Then there's that nagging, that self-doubt if you will, that devil on your shoulder that creeps in every now and then and makes you question your own 'glass half full' mentality.

What is it that leads us to believe there is always something better out there? A different outcome to the current situation? Slight tweaks on behavior and/or action that could change the entire outcome? And why even allow our thought process to go there when right in front of us is most of what we wish for and what we want?

Ah the secret rantings of a sometimes over-analytical mind. Thank goodness I get the 'half glass full' ideology and more importantly SEE it before I see the other, lesser half.

Saturday, September 10, 2011

Odd circumstance

Ola! Comos este?? (can't figure out how to get those upside down!)

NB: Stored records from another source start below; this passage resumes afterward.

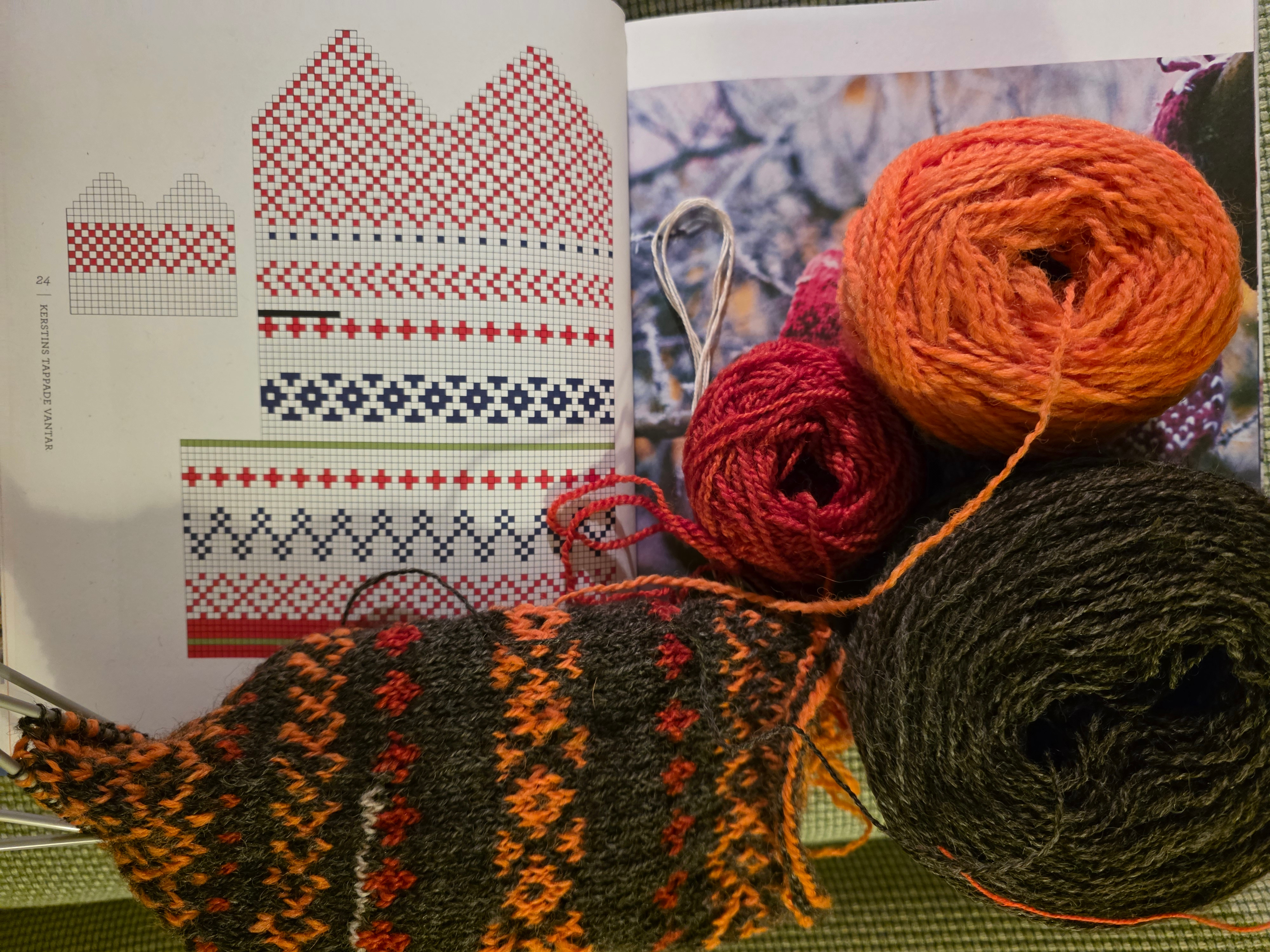 The forecast promised rain today—much rain. DW woke up really early. She went downstairs to knit, and I slept for another 45 minutes. Eventually, I woke up and went downstairs. We had a cup of tea. Usually, we drink a cup of tea while still in bed, but this was also nice. I blogged, and DW kept knitting. She is working on making gloves right now. She used to have her own blog, but she stopped blogging. Some stories could have been told, but she puts her energy into the craft itself. Initially, she was the one who inspired me to start blogging. I had a website, but it was not lively in any way. It took another ten years before I started blogging regularly.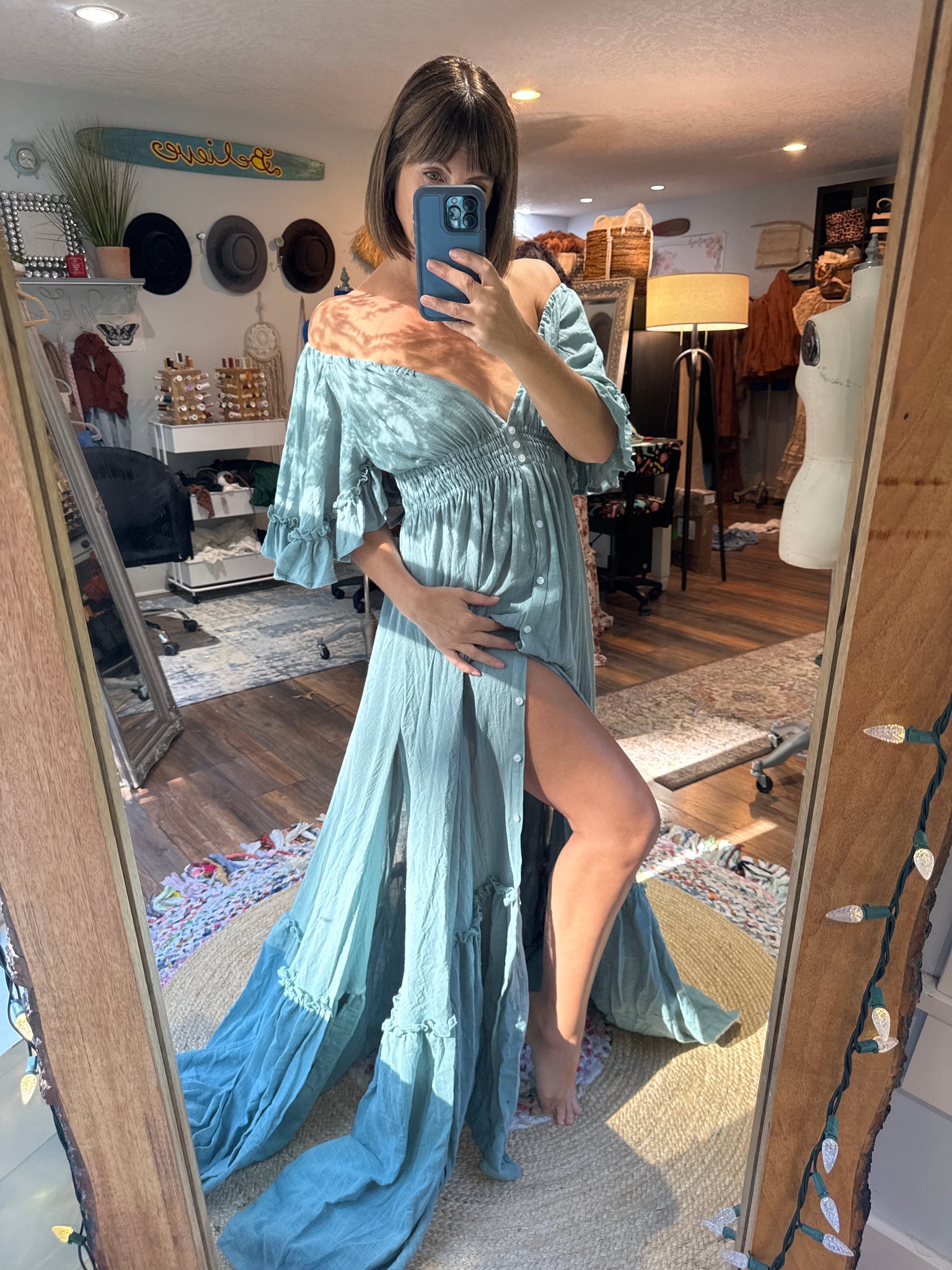 Ready to ship sale Awaken dress coastal blue linen cotton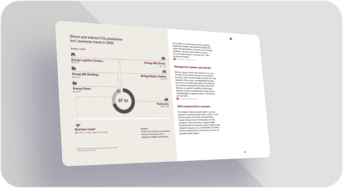 Direct and indirect CO emissions communities is to share best practices, exchange 2 2 experience, establish standardized processes and incl. business travel in 2023 support the development of common environmental guidelines, helping to decentralize and anchor Scopes 1 and 2 environmental protection measures within Hilti’s business processes. Environmental Protection: p. 27 Energy Logistics Centers Energy Hilti Stores 2% (2 kt) 1% (1 kt) Management systems and policies We have a group-wide environmental policy in place. Energy MO Buildings Energy Repair Centers The topic of CO22 emission reductions is anchored in 1% (1 kt) this policy, which sets the strategic approach to climate 2% (2 kt) protection. All our plants, our headquarters facilities and nine of our market organizations are certi昀椀ed for environmental management according to ISO 14001. Energy Plants Moreover, our plants in Kaufering and Nersingen, Germany, as well as in Kecskemét, Hungary, have a 3% (3 kt) certi昀椀ed energy management system in accordance with ISO 50001. 97 kt Environmental Protection: p. 27 Fuel (cars) 69% (67 kt) 2023 implementation examples Our strategy to become carbon neutral in our own operations, including business travel, in 2023 involves reducing energy consumption and transitioning to green energy sources. Consequently, we have managed to reduce emissions by approximately 11 60 percent when compared to a scenario without these Business travel Scope 3 mitigation measures on our 2019 baseline. To address 22% (21 kt, of which approx. 16 kt 昀氀ights) These include emissions from purchased the remaining 40 percent of emissions, we rely on our products and services as well as proprietary offset projects. transport and logistics by third parties. 11 Business travel is part of Scope 3 emissions, but is also considered in the climate neutrality target.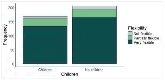 Distribution of responses if the individual has or no has children with stacked bars according to perceived flexibility.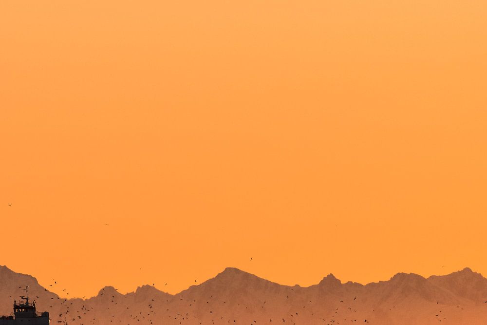 A fishing boat stands out as a silhouette against the deep orange sunset. The mountains in the background are the island of Andoya of the Vesteralen, near the Lofoten in northern Norway.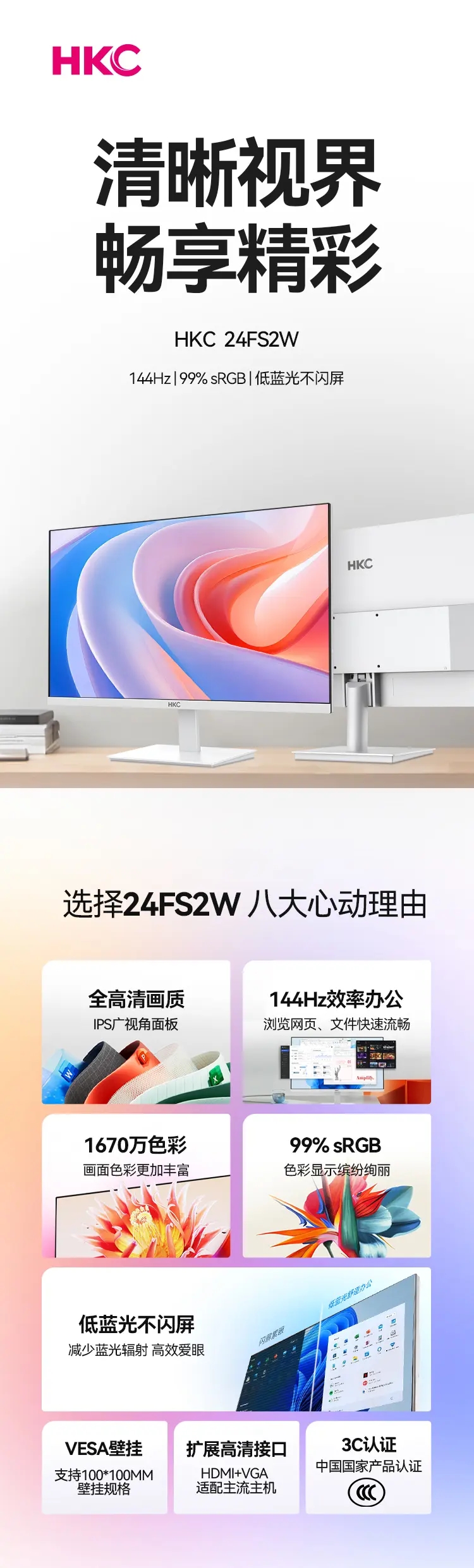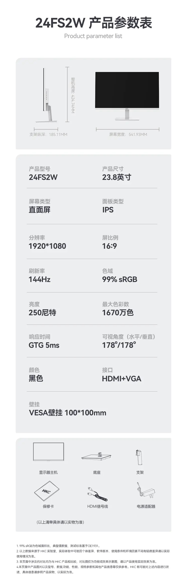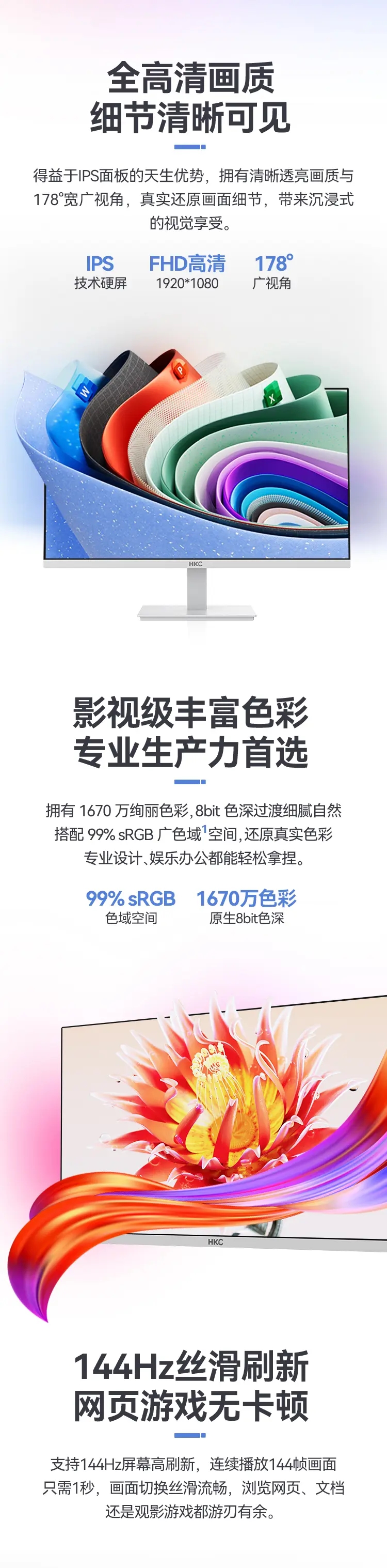 商品名称:HKC 24FS2W白色 144HZ 23.8英寸商务办公显示器 商品编号:ECS020885 品牌:HKC/惠科 上架时间:2026-03-27 商品毛重:0克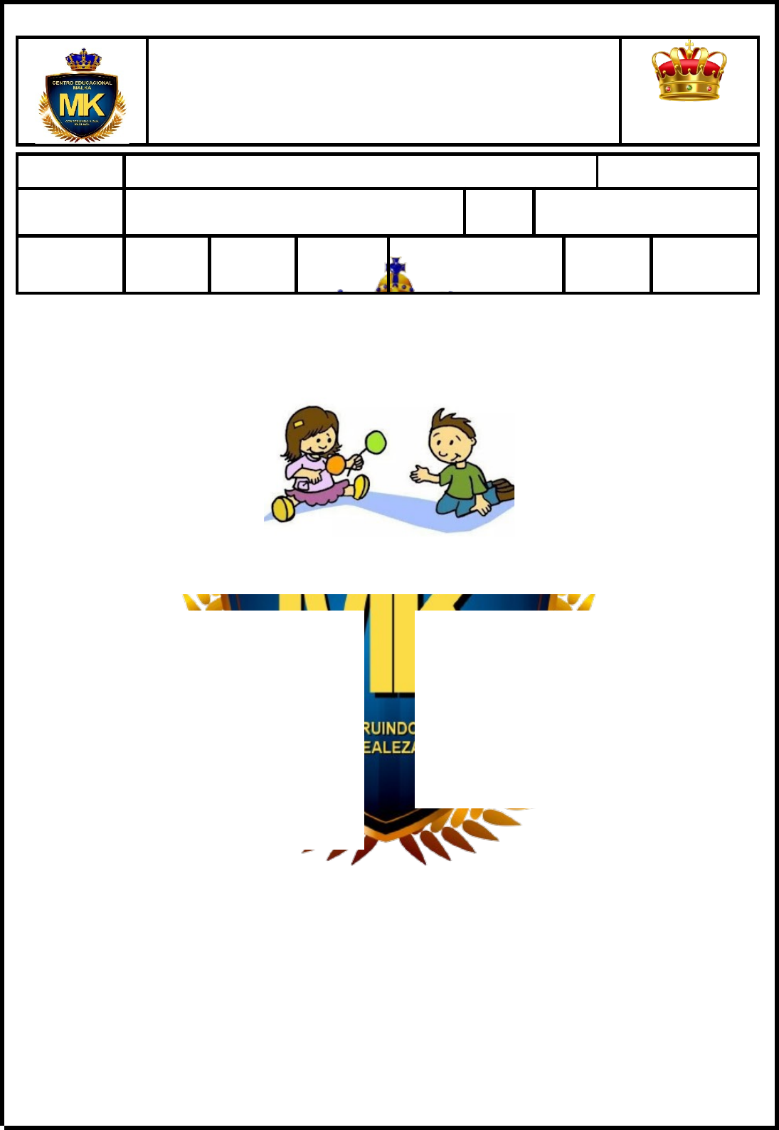 CENTRO EDUCACIONAL MALKA AVALIAÇÃO DIAGNOSTICA – BIMESTRAL – 1° ETAPA CONSTRUINDO A SUA REALEZA ALUNO 5° ANO DISCIPLINA Valores DATA _______/________/________ TOTAL DE ESC ESC OBTIDOS ENSINO FUNDAMENTAL NOTA MEU, SEU, NOSSO Dividir o mundo Repartir abraços Reforçar os laços Mergulhar no fundo Dessa brincadeira Partilhar à vida inteira Nessa festa Eu te empresto E você me empresta também Somos muitos, todos juntos Viajando no mesmo trem Já sei desde cedo Pois não é segredo Ser superbacana Dividir brinquedo Sem fazer esforço Eu digo e reforço Meu e seu, seu e meu Tudo pode ser nosso Mundo Bita 1. A música ensina: a) brincar. b) compartilhar. c) atrapalhar. d) ganhar. 2. Segundo a música, ajudar os outros é semelhante a uma: a) luta. b) música. c) brincadeira. d) adivinhação. 3. Dividir o mundo significa: a) separar os países. b) aproximar os continentes. c) realizar um grande campeonato. d) partilhar coisas boas aos outros. 4. Segundo a música, como estamos viajando no trem? ___________________________________________________________________________________ 5. Você gosta de compartilhar aquilo que possui com as pessoas que não têm? ___________________________________________________________________________________ 6. Partilhar é o mesmo que: a) receber. b) vencer. c) repartir. d) conseguir. 7. Qual desenho abaixo está relacionado ao ato de compartilhar? 8. Ser superbacana significa ser a) cordial. b) grosseiro. c) sério. d) áspero. 9. Observe a imagem e depois escreva uma frase sobre ela. _______________________________________________________________________________________________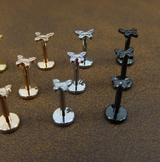 Rustic Butterfly Stud Earrings, Threadless Push Pin Gold Tone Stainless Nose Ring, Hammered Butterfly Cartilage Earrings, 16G, 18G, 20G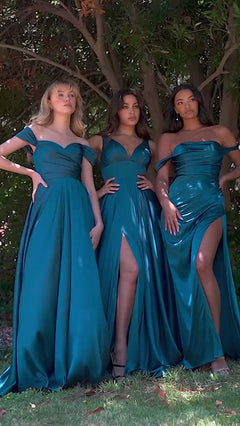 So romantic, this off-the-shoulder long prom dress is a classic style with beautiful details. So sweet for prom, military balls, and other formal events, this floor-length evening gown is crafted in soft satin fabric from the surplice v-neckline to the hem, while banded sleeves flow over the upper arms for a captivating look. A ruched waist offers a fitted look to this long formal dress, while the long skirt flows to the floor in a flattering a-line shape. Priced under $150, this budget-friendly off-the-shoulder long prom dress is sure to make a classic fashion statement without busting your bank account.
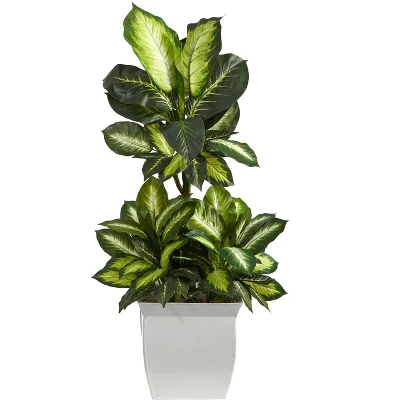 The Dieffenbachia, known as the dumb cane, is a common houseplant with a bad reputation for being poisonous to pets and humans. The good news is that you can still bring home an artificial dumb cane plant that looks just like the real thing with variegation in full display. Large, glossy leaves with an intricate, detailed pattern sprout from bendable branches – allowing you to shape and fluff. Standing 46″ from a white metal planter, this plant is perfect for any space. Curate in your offices, bathrooms, kitchens, or foyers. Silk plants are manufactured using synthetic materials, such as polyester material or plastic, and are well designed and constructed to be life-like in appearance. This item will need to be re-shaped when removed from the secure box to allow it to reach its fullest size. Your artificial plant will look beautiful for years to come; simply wipe clean with a soft dry cloth when needed.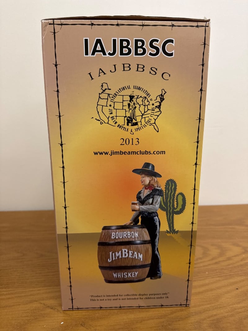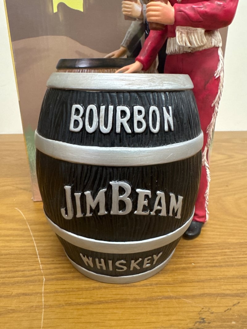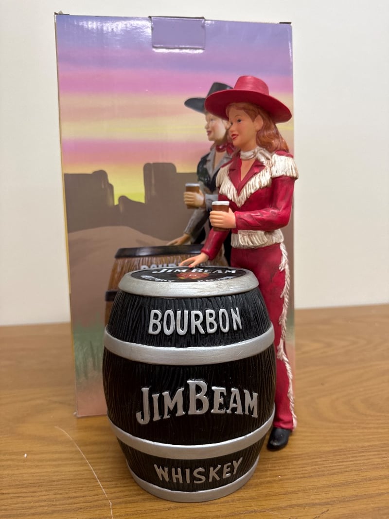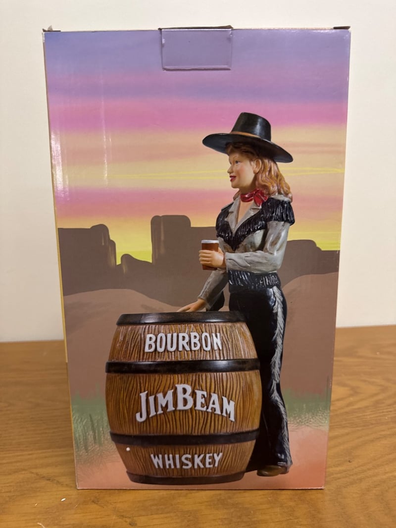 JIM BEAM BOURBON WHISKEY COWGIRL BARREL DECANTER - REDItem Size: Height: 36cm, Width: 21cm, Depth: 18cm, Weight: 2KgCondition: Good - Refer To Images584569+64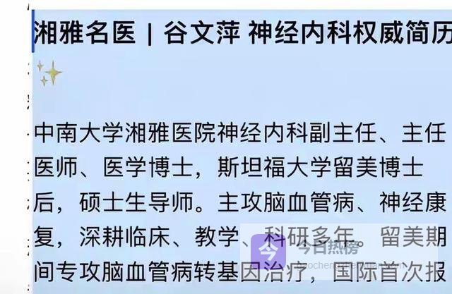 引言对于谷某某停诊的原因,红星新闻记者也在17日傍晚致电中南大学湘雅医院院长雷光华,雷院长回应红星新闻称:“谷医生并没有被停职,只是因本人受到很多来自社会的骚扰,所以暂无法开展工作。”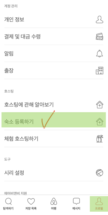 이렇게 프로필 > 숙소 등록하기 눌러주세요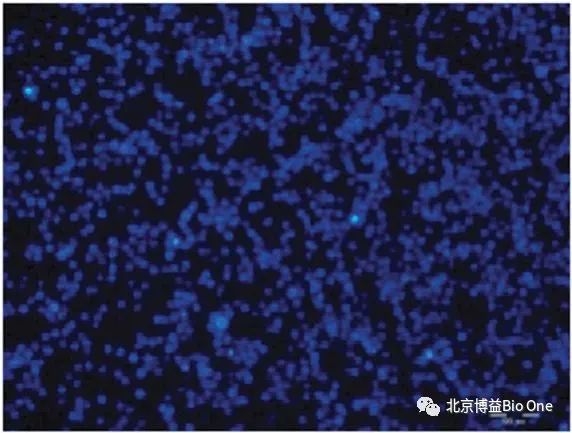 為了評估懸浮細胞在芯片表面的捕獲情況,可以使用Hoechst染料對細胞核進行染色,在熒光顯微鏡下進行觀察。如圖2所示,懸浮細胞已被成功地捕獲到了芯片上,且細胞分布均勻。
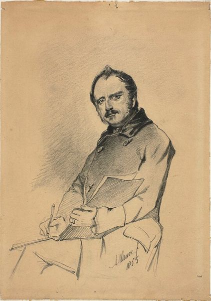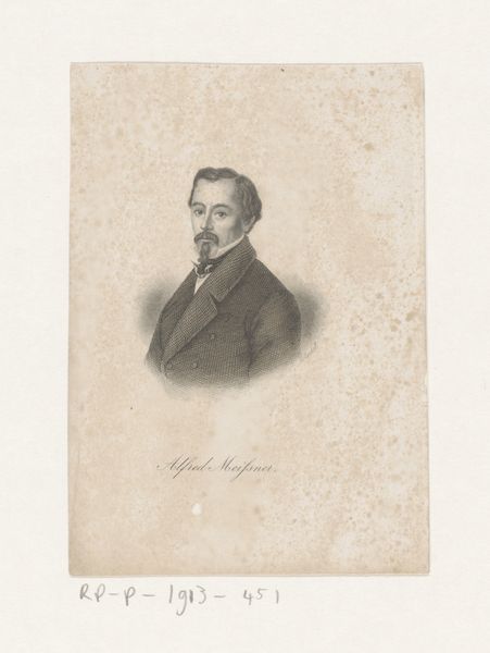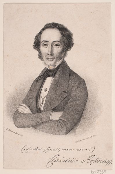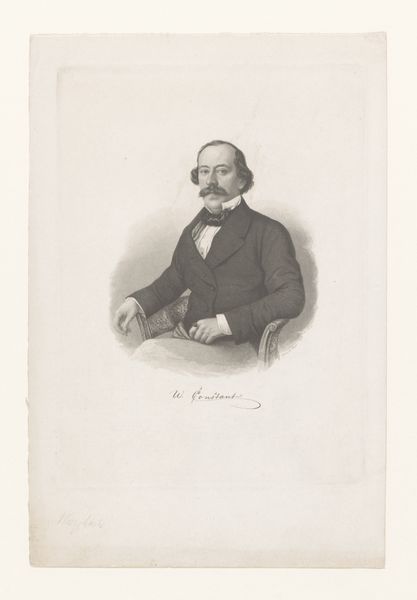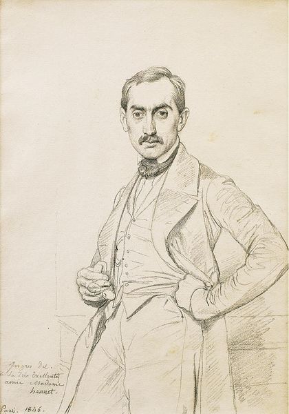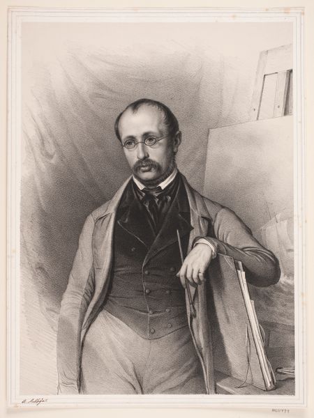 Curator: This is Achille Devéria's "Self-Portrait," a chine collé print housed here at the Harvard Art Museums. There's no specific date assigned, but Devéria lived from 1800 to 1857. Editor: He certainly has a striking gaze. There's a boldness here, a sense of direct confrontation with the viewer that is quite compelling. Curator: It's fascinating to consider Devéria's role in the Parisian art scene. He was well-connected, running a popular salon where artists, writers, and intellectuals gathered. How might his social position shape the reception of this self-image? Editor: Absolutely. In the context of early 19th-century Parisian society, this self-portrait might read as a statement of artistic and perhaps even social authority. The confident pose, the focused stare—it all speaks to a certain level of privilege and power. Curator: I appreciate how you've situated this portrait within its socio-historical context. It deepens our understanding of both the artist and the era. Editor: And for me, looking at this work has revealed layers of meaning that resonate across time, reminding us of the complex interplay between identity, representation, and social power.

So it's Friday. I'm at home. And relatively sober. I am on call you know! Still, an odd set of circumstance for me for a Friday. It's my first on call night in at least - um - let's say 6 - 8 years. I guess I've grown in responsibility because I remember one on call night with coworkers sucking back free tequila with the Local Pub bartender, riding with half my body out the moon roof and then some - what should have been awkward, but we were too drunk to notice - porn watching at a coworkers. Now that's bang for your buck I tell ya! (ok, wait that didn't come out quite right...). Ah well, there were no calls so all police services 911 systems remained functional and there were no officer safety issues as a result of our shenanigans (except for maybe the drive home...)

Been stupid busy at work lately. Unfortunately just seems I'm going through the motions and that's about it. Really need to work on that spark that lights the fire of my so called career before the embers completely die out. If someone knows of a good, strong combustible substance I can use - please advise.

So, why am I here? What's my point? Don't really have one. Just bored. Funny thing is I'm sitting by the fire typing this on my phone and something has just gone wacky and my focus is up 2 paragraphs up so I have literally NO idea what I'm saying!

Wow. I proof read that and it wasn't too bad!

So I could go on about the upcoming provincial election (ok - not really; or perhaps the apathetic state the world's kids are in these days; remembering 911; how stupid most women are in relationships; and how men - well I haven't completely figured them out yet, but I'm certain they don't belong all in one box - are just baffling in a good way sometimes...but I don't really care to, and I'm sure none of my few (2) readers want to hear it, so I won't. (plus it's getting awfully annoying trying to type when I can't see what has ended up on the proverbial paper...

Untill next time when I may, or may not have something of substance, Sayonara!

(spanish flava courteous of my mind wandering to next weeks Jargarita party when I'm NOT on call!)